▶ **Records supplied**:
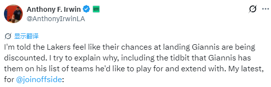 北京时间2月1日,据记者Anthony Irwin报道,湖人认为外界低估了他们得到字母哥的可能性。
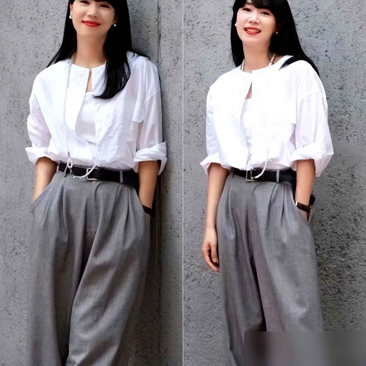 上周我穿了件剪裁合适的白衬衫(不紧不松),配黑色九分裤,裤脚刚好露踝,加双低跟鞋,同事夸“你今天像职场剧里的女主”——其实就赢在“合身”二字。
==
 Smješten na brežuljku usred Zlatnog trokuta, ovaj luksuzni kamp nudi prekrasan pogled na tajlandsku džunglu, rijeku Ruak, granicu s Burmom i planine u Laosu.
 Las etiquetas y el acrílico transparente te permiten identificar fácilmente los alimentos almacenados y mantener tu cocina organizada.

▶ **Problem to work on**: When you reach the line with "Smješten na brežuljku" in the records above, start writing out lines exactly, and stop once the line with "Las etiquetas y" has been written; include nothing else.

▶ **Task response**:
 Smješten na brežuljku usred Zlatnog trokuta, ovaj luksuzni kamp nudi prekrasan pogled na tajlandsku džunglu, rijeku Ruak, granicu s Burmom i planine u Laosu.
 Las etiquetas y el acrílico transparente te permiten identificar fácilmente los alimentos almacenados y mantener tu cocina organizada.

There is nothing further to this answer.